§ Assigned task: Pictures excluded, return the lines below from the first through the line holding "Модель на танкетке".

§ Data:
=-=-=-=-=
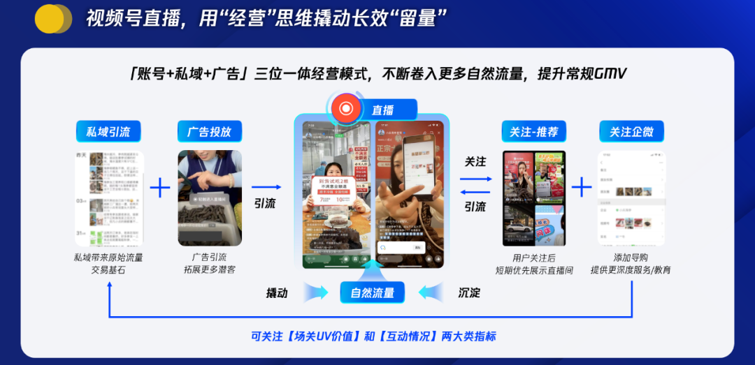 对于品牌来说,视频号直播并不单纯只是一个带货工具或增长渠道。视频号直播更大的价值在于能够长期经营每一场直播所沉淀下来的私域资产,从而实现持续的、长效的增长。一方面,品牌基于私域原始流量,借助公域投放为直播间引流,同时撬动更多自然流量进入;另一方面,用户无论是关注直播间还是企业微信,都成为了品牌的私域资产,能够卷入更多自然流量进入直播间。品牌通过这种“账号+私域+广告”的三位一体经营模式,持续沉淀、运营私域资产,不断提升购买转化,实现销量长效增长。
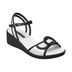 Модель на танкетке с декоративной черной окантовкой застегивается на ремешок.
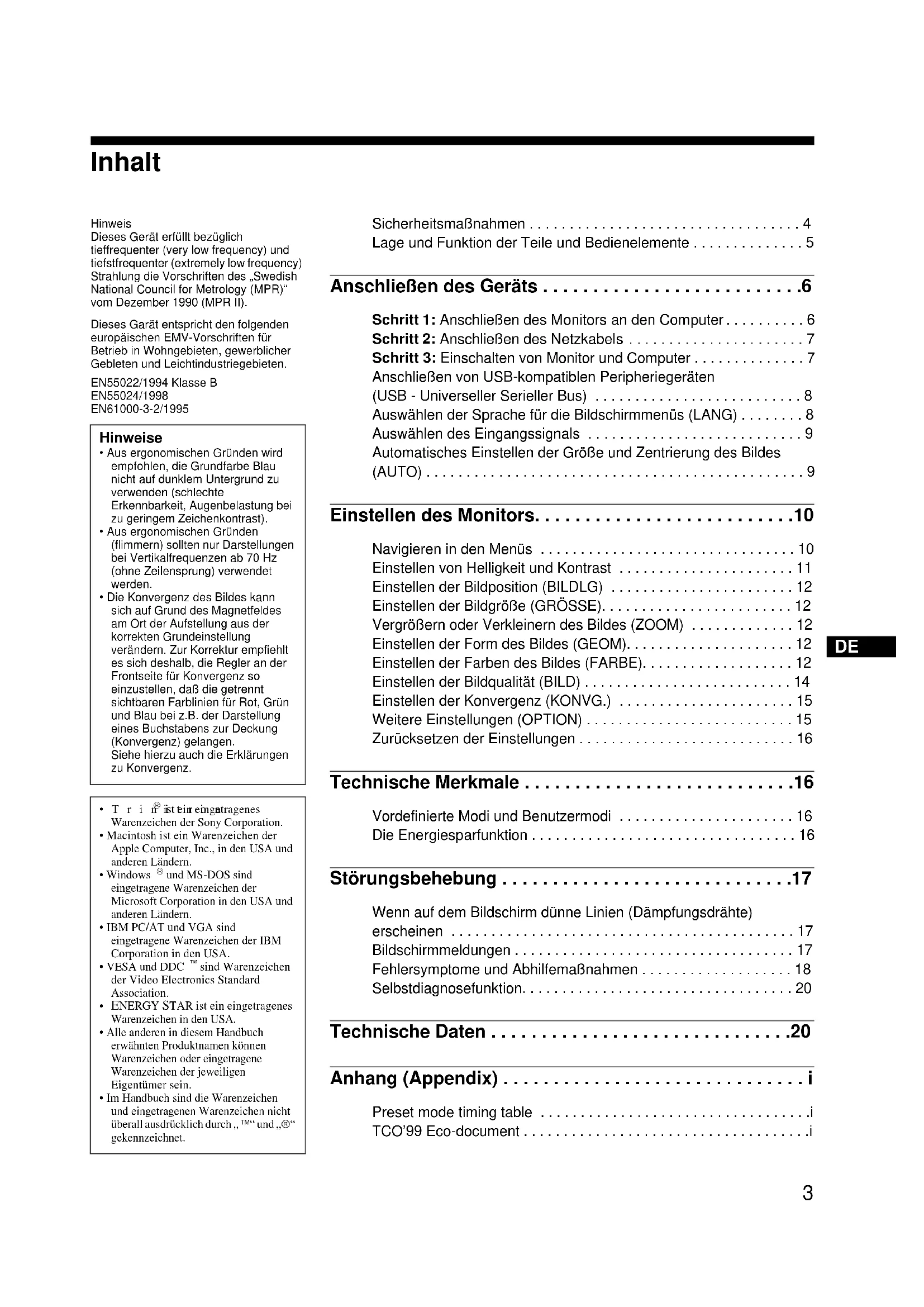 - Aus ergonomischen Gründen wird empfohlen, die Grundfarbe Blau nicht auf dunklem Untergrund zu verwenden (schlechte Erkennbarkeit, Augenbelastung bei zu geringem Zeichenkontrast).• Aus ergonomischen Gründen (flimmern) sollten nur Darstellungen bei Vertikalfrequenzen ab 70 Hz (ohne Zeilensprung) verwendet werden.• Die Konvergenz des Bildes kann sich auf Grund des Magnetfeldes am Ort der Aufstellung aus der korrekten Grundeinstellung verändern. Zur Korrektur empfiehlt es sich deshalb, die Regler an der Frontseite für Konvergenz so einzustellen, daß die getrennt sichtbaren Farblinien für Rot, Grün und Blau bei z.B. der Darstellung eines Buchstabens zur Deckung (Konvergenz) gelangen.Siehe hierzu auch die Erklärungen zu Konvergenz.•Trinitron ist ein eingetragenes Warenzeichen der Sony Corporation.• Macintosh ist ein Warenzeichen der Apple Computer, Inc., in den USA und anderen Ländern.• Windows und MS-DOS sind eingetragene Warenzeichen der Microsoft Corporation in den USA und anderen Ländern.• IBM PC/AT und VGA sind eingetragene Warenzeichen der IBM Corporation in den USA.• VESA und DDC sind Warenzeichen der Video Electronics Standard Association. ENERGY STAR ist ein eingetragenes Warenzeichen in den USA.• Alle anderen in diesem Handbuch erwähnten Produktnamen können Warenzeichen oder eingetragene Warenzeichen der jeweiligen Eigentümer sein.• Im Handbuch sind die Warenzeichen und eingetragenen Warenzeichen nicht überall ausdrücklich durch „ä“ und „â“ gekennzeichnet. Sicherheitsmaßnahmen . . . . . . . . . . . . . . . . . . . . . . . . . . . . . . . . . . 4 Lage und Funktion der Teile und Bedienelemente . . . . . . . . . . . . . . 5 Anschließen des Geräts . . . . . . . . . . . . . . . . . . . . . . . . . .6 Schritt 1: Anschließen des Monitors an den Computer . . . . . . . . . . 6 Schritt 2: Anschließen des Netzkabels . . . . . . . . . . . . . . . . . . . . . . 7 Schritt 3: Einschalten von Monitor und Computer . . . . . . . . . . . . . . 7 Anschließen von USB-kompatiblen Peripheriegeräten (USB - Universeller Serieller Bus) . . . . . . . . . . . . . . . . . . . . . . . . . . 8 Auswählen der Sprache für die Bildschirmmenüs (LANG) . . . . . . . . 8 Auswählen des Eingangssignals . . . . . . . . . . . . . . . . . . . . . . . . . . . 9 Automatisches Einstellen der Größe und Zentrierung des Bildes (AUTO) . . . . . . . . . . . . . . . . . . . . . . . . . . . . . . . . . . . . . . . . . . . . . . . 9 Einstellen des Monitors. . . . . . . . . . . . . . . . . . . . . . . . . .10 Navigieren in den Menüs . . . . . . . . . . . . . . . . . . . . . . . . . . . . . . . . 10 Einstellen von Helligkeit und Kontrast . . . . . . . . . . . . . . . . . . . . . . 11 Einstellen der Bildposition (BILDLG) . . . . . . . . . . . . . . . . . . . . . . . 12 Einstellen der Bildgröße (GRÖSSE). . . . . . . . . . . . . . . . . . . . . . . . 12 Vergrößern oder Verkleinern des Bildes (ZOOM) . . . . . . . . . . . . . 12 Einstellen der Form des Bildes (GEOM). . . . . . . . . . . . . . . . . . . . . 12 Einstellen der Farben des Bildes (FARBE). . . . . . . . . . . . . . . . . . . 12 Einstellen der Bildqualität (BILD) . . . . . . . . . . . . . . . . . . . . . . . . . . 14 Einstellen der Konvergenz (KONVG.) . . . . . . . . . . . . . . . . . . . . . . 15 Weitere Einstellungen (OPTION) . . . . . . . . . . . . . . . . . . . . . . . . . . 15 Zurücksetzen der Einstellungen . . . . . . . . . . . . . . . . . . . . . . . . . . . 16 Technische Merkmale . . . . . . . . . . . . . . . . . . . . . . . . . . .16 Vordefinierte Modi und Benutzermodi . . . . . . . . . . . . . . . . . . . . . . 16 Die Energiesparfunktion . . . . . . . . . . . . . . . . . . . . . . . . . . . . . . . . . 16 Störungsbehebung . . . . . . . . . . . . . . . . . . . . . . . . . . . . .17 Wenn auf dem Bildschirm dünne Linien (Dämpfungsdrähte) erscheinen . . . . . . . . . . . . . . . . . . . . . . . . . . . . . . . . . . . . . . . . . . . 17 Bildschirmmeldungen . . . . . . . . . . . . . . . . . . . . . . . . . . . . . . . . . . . 17 Fehlersymptome und Abhilfemaßnahmen . . . . . . . . . . . . . . . . . . . 18 Selbstdiagnosefunktion. . . . . . . . . . . . . . . . . . . . . . . . . . . . . . . . . . 20 Technische Daten . . . . . . . . . . . . . . . . . . . . . . . . . . . . . .20 Anhang (Appendix) . . . . . . . . . . . . . . . . . . . . . . . . . . . . . . i Preset mode timing table . . . . . . . . . . . . . . . . . . . . . . . . . . . . . . . . . .i TCO’99 Eco-document . . . . . . . . . . . . . . . . . . . . . . . . . . . . . . . . . . . .i4 Sicherheitsmaßnahmen Warnhinweis zum Netzanschluß
=-=-=-=-=
§ Output for this exercise:
 对于品牌来说,视频号直播并不单纯只是一个带货工具或增长渠道。视频号直播更大的价值在于能够长期经营每一场直播所沉淀下来的私域资产,从而实现持续的、长效的增长。一方面,品牌基于私域原始流量,借助公域投放为直播间引流,同时撬动更多自然流量进入;另一方面,用户无论是关注直播间还是企业微信,都成为了品牌的私域资产,能够卷入更多自然流量进入直播间。品牌通过这种“账号+私域+广告”的三位一体经营模式,持续沉淀、运营私域资产,不断提升购买转化,实现销量长效增长。
 Модель на танкетке с декоративной черной окантовкой застегивается на ремешок.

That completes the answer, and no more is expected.